I had just watched an arthouse film in London and was walking out of the cinema when I met the woman in the box-office booth. She smiled at me and I smiled back. Now, when an Asian smiles at you in cold London or crazy New York, trust your instincts he or she must be Filipino. So I asked if she were Pinay and she said yes. “If I knew earlier you were a Filipino, I would not have asked you to pay,” Farrah said to me in Tagalog. I laughed and answered, “If that is the case, then your cinema won’t make money.” It was her turn to laugh, and then she said: “Don’t worry, you’re only the second Filipino I met who watches the art movies in this cinema. We’d rather watch the movies of Stallone.” And you’ve got it, she said Stallone with the proper Italian pronunciation.
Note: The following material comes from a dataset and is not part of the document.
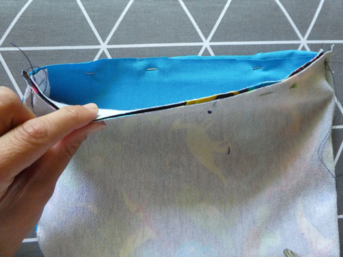 Jetzt könnt ihr den Stoff wenden, sodass die beiden schönen Seiten der Stoffe zu euch zeigen.
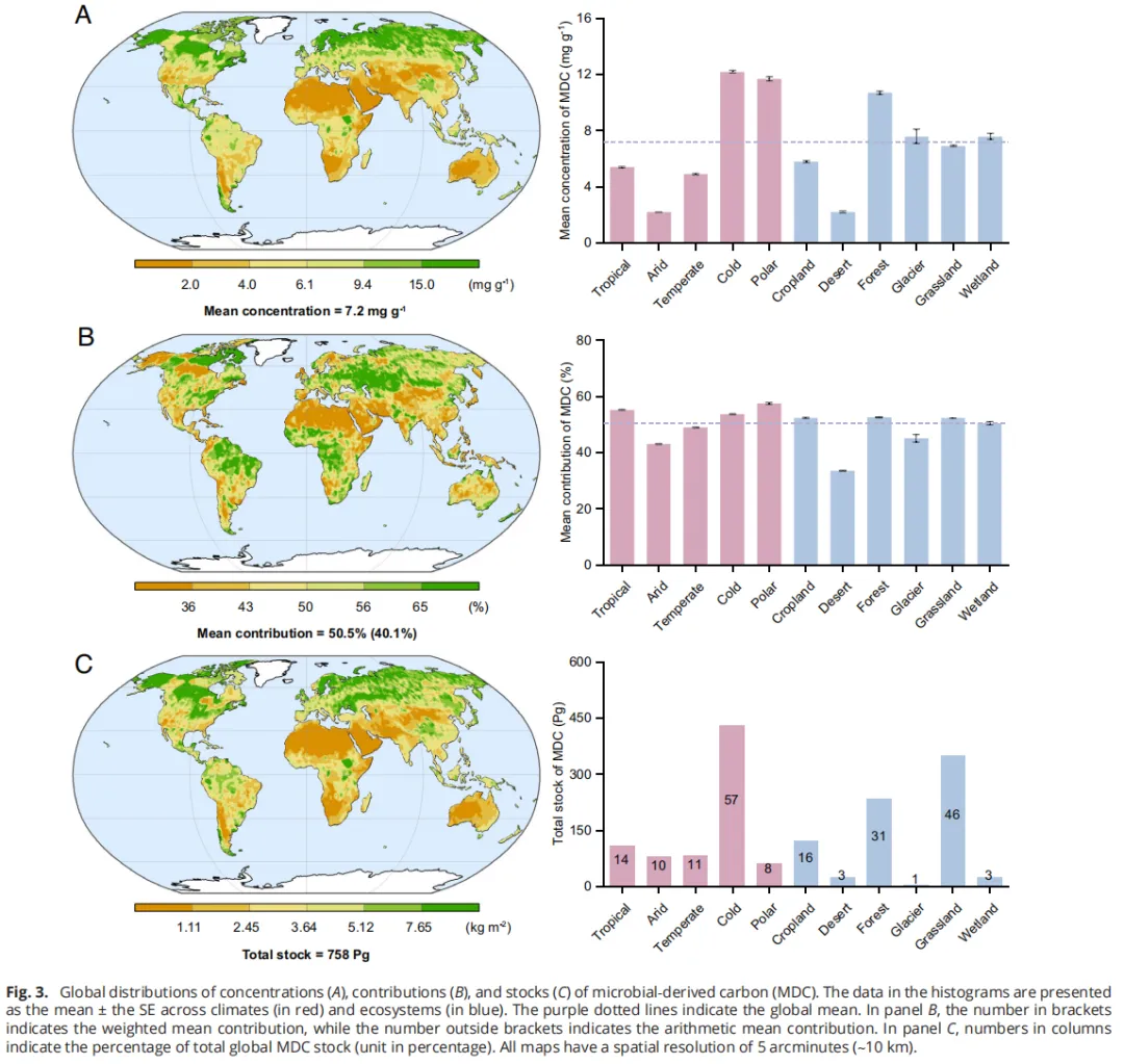 图3: 全球微生物衍生碳(MDC)的分布、贡献与储量

It was 5 a.m. and I had just arrived at Gatwick station. A blast of cold met me as I left the airport to take the train bound for Victoria Station. It was my first trip to England and I knew nothing about coins or train cards. I walked to the train station, along with a woman in her early twenties who had boarded our British Airways plane when it stopped over in Hong Kong. The train was already there, warm and lighted, waiting for its passengers. I asked the young woman where I could buy my train card because all I had were paper bills. She smiled, fished for coins in her purse, and gave the exact amount to me. Then she taught me how to put them in the coin slot and pretty soon, we were climbing the train.

Fiona lived in an island in South Korea for a year, as a volunteer in a Catholic organization. She said she had worked with Filipinos there, and she only had glowing words for them. In her musical accent she said, “Your fellow Filipinos are warm-hearted. They always brought food in the office and offered me their a-dow-bo. It is so good!” Later, I gave her a necklace made by the T’boli tribe, with a stone that turned blue and green in the light. She didn’t want to accept it but I said, “It is for you because you are kind.”

And now in Kuala Lumpur, I have just finished writing a textbook in the big and quiet condominium unit of my fellow professor, Hazel, at The Saffron in Sentul, an elegant district whose streets are fringed with the greenest of trees. I stayed for three days and was about to leave today for Kajang, an old town near the University of Nottingham Malaysia Campus, where I now teach. Mariam, her maid, was delighted to learn my parents were from Bikol. And so when she arrived today to clean Hazel’s flat, she brought me a special gift. Wrapped in plastic sheets were ten balls of chocolate, tablea from cacao trees grown in Bicol, and five pieces of tuyo (dried herring).

She said in Bikolano, “My sister in Pasacao, Camarines Sur, made these chocolate by hand while these tuyo are from Naga City.” My first impulse was to ask how much but I swallowed my words down my gut, for I instantly knew she was giving them to me as a belated Christmas gift. In my broken Bikolano and her fluent one we conversed, and I told her I like my job at the university but at times I just want to go home, because I miss my sister and my partner, and the colorful chaos that is the Philippines. She told me that I am still adjusting to my life abroad and she herself has lived in Malaysia for almost a decade. “Don’t give up,” she said.

I thanked her for her counsel and her gift, because my late grandmother would prepare hot chocolate from tablea, and then she would pour the chocolate on the newly harvested rice and we would eat that with our dried fish fried to a crisp. Outside, another typhoon would be pounding Bicol again – with the wind howling and the rain lashing against our old house – but in that warm circle of home my grandmother and I were eating something like Babette’s feast.